2) Was the traffic stop or initial seizure of the DWI suspect supported by articulable reasonable suspicion?

Before a driver is stopped by a police officer in his or her vehicle, the officer must have reasonable suspicion to believe that the driver has committed a traffic violation or from the conduct of the vehicle prior being stopped, the officer has reason to believe criminal activity is afoot. If it is determined by the court that the officer lacked a “reasonable articulable suspicion” supporting the traffic stop, all the evidence obtained subsequent to the stop is potentially inadmissible.

3) Did the police officer have “probable cause” to arrest the driver on suspicion of driving under the influence of alcohol?

Subsequent to a traffic stop, probable cause is needed to allow for further detention and chemical testing of a driver at the police station. In a DWI case, the officer needs to establish probable cause that the particular driver is under the influence of alcohol.  In order to establish this, the officer will generally ask the driver to perform a variety of tests called field sobriety tests.  The more common tests are: Horizontal Gaze Nystagmus or HGN, walk a straight line heel to toe and stand on one leg and count to a certain number – usually thirty seconds.  Also, an officer will usually request that the driver submit to a preliminary breath test at the scene which usually gives a digital read-out of the driver’s alcohol concentration.

4) Was the driver’s right to counsel vindicated prior to being asked to submit to a chemical test of his or her blood, breath or urine?

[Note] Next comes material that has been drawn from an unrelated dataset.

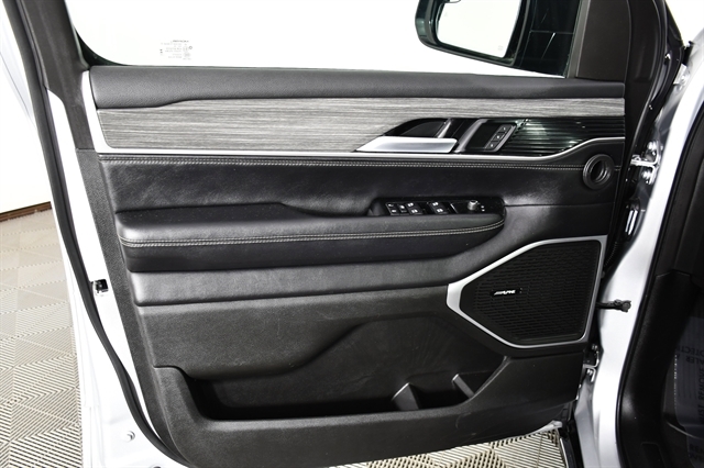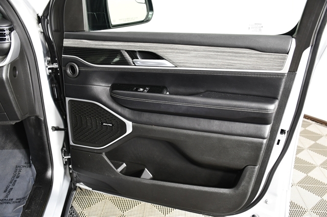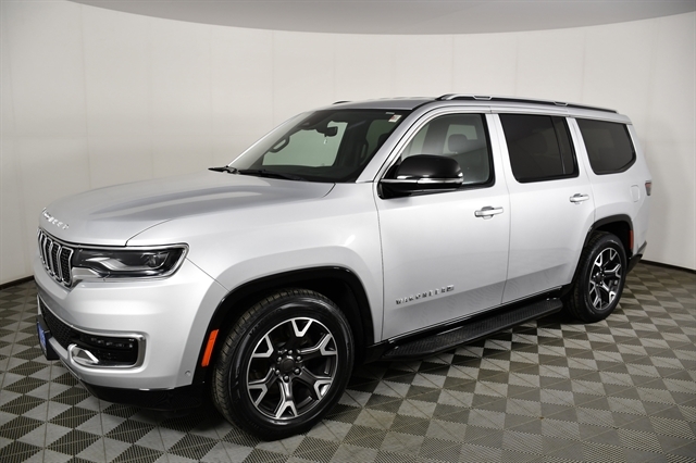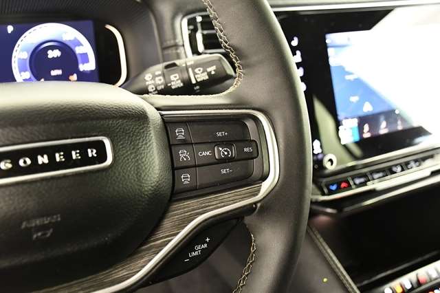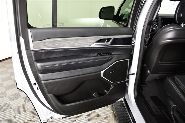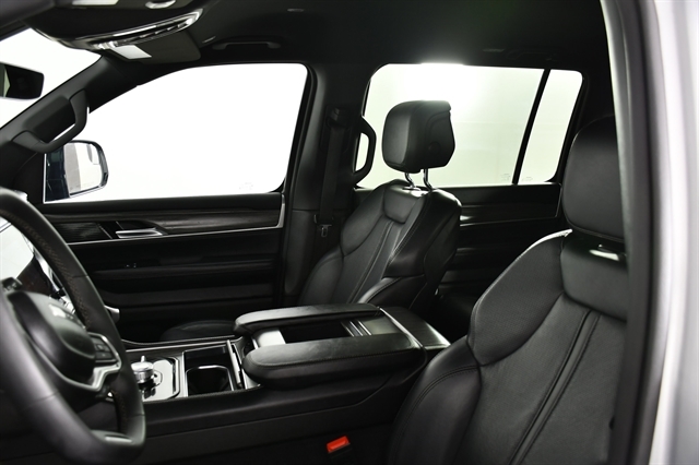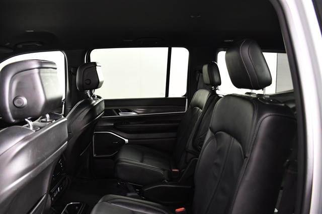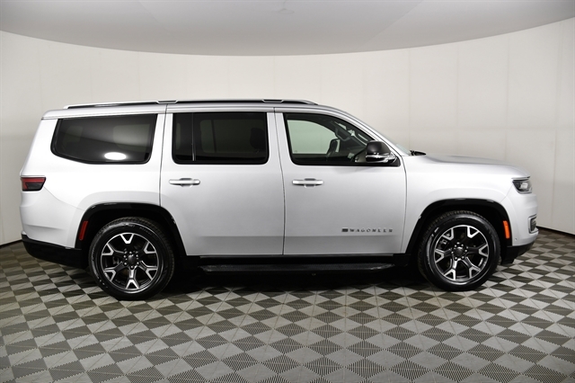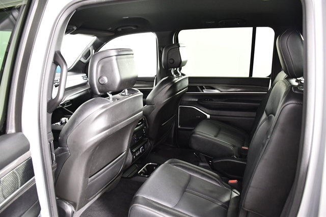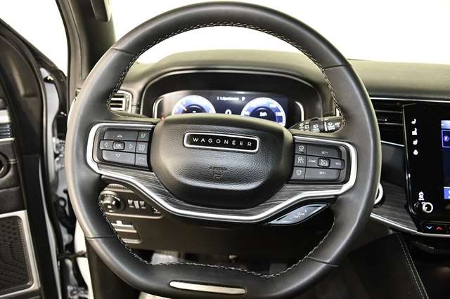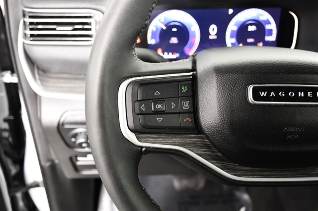 Check out the rest of the great features on this car! Quick Order Package 25N, 10 Speakers, 3.55 Rear Axle Ratio, 3rd row seats: bench, 4-Wheel Disc Brakes, ABS brakes, Adjustable pedals, Air Conditioning, Alloy wheels, AM/FM radio: SiriusXM with 360L, Anti-whiplash front head restraints, Apple CarPlay/Android Auto, Audio memory, Auto High-beam Headlights, Auto-dimming door mirrors, Auto-dimming Rear-View mirror, Auto-leveling suspension, Automatic temperature control, Brake assist, Bumpers: body-color, Compass, Delay-off headlights, Driver door bin, Driver vanity mirror, Driver`s Seat Mounted Armrest, Dual front impact airbags, Dual front side impact airbags, Electronic Stability Control, Emergency communication system: Wagoneer Connect, Exterior Parking Camera Rear, Four wheel independent suspension, Front anti-roll bar, Front Bucket Seats, Front Center Armrest w/Storage, Front dual zone A/C, Front fog lights, Front reading lights, Fully automatic headlights, Garage door transmitter, Genuine wood console insert, Genuine wood dashboard insert, Genuine wood door panel insert, Heated door mirrors, Heated front seats, Heated rear seats, Heated steering wheel, Illuminated entry, Knee airbag, Leather Trimmed Bucket Seats, Low tire pressure warning, Memory seat, Navigation System, Normal Duty Suspension, Occupant sensing airbag, Outside temperature display, Overhead airbag, Overhead console, Panic alarm, Passenger door bin, Passenger seat mounted armrest, Passenger vanity mirror, Pedal memory, Power adjustable front head restraints, Power door mirrors, Power driver seat, Power Liftgate, Power passenger seat, Power steering, Power windows, Radio data system, Radio: Uconnect 5 Nav w/10.1 Display, Rain sensing wipers, Rear air conditioning, Rear anti-roll bar, Rear dual zone A/C, Rear reading lights, Rear seat center armrest, Rear window defroster, Rear window wiper, Reclining 3rd row seat, Remote keyless entry, Security system, Speed control, Speed-sensing steering, Speed-Sensitive Wipers, Split folding rear seat, Steering wheel memory, Steering wheel mounted audio controls, Tachometer, Telescoping steering wheel, Tilt steering wheel, Traction control, Trip computer, Turn signal indicator mirrors, Variably intermittent wipers, Ventilated front seats, Voltmeter, and Wheels: 20 x 9.0 Aluminum (DISC)

In Minnesota, an officer is required to read a driver the Minnesota Implied Consent Advisory prior to testing.  As part of this advisory, the driver should be asked if he or she wishes to contact an attorney to get advice on testing. If a driver informs the officer that they would like to speak with an attorney, then the officer must allow the driver access to the telephone and must give the driver a “reasonable period” of time to contact an attorney.  What is considered a reasonable period of time can depend on a number of circumstances or factors such as the time of day and the amount of diligence the driver is showing in his or her attempt to contact an attorney.

5) If the driver requests a second test which is independent of the state’s chemical test, did the police officer provide the driver access to a telephone to make arrangements for the test?

If a driver is going to remain in-custody following his or submission to the state’s chemical test request and then informs the officer that they would like to have their own blood or urine test done, they should be allowed access to a telephone to contact someone to arrange the administration of that test.

6) Was the testing method utilized by the police reliable in determining the driver’s blood alcohol concentration?

With regard to breath tests, Minnesota currently utilizes the Intoxilyzer 5000EN and the Datamaster DMT.  The criminal defense lawyer should carefully review every testing method to determine if it meets all the standards required of the particular method to insure its reliability.

Again, obviously the above 6 potential issues or defenses in a DWI case are not comprehensive.  Nevertheless, they can serve as a perfect starting point for any criminal defense attorney reviewing a client’s police reports and other discovery to determine any possible or potential defenses.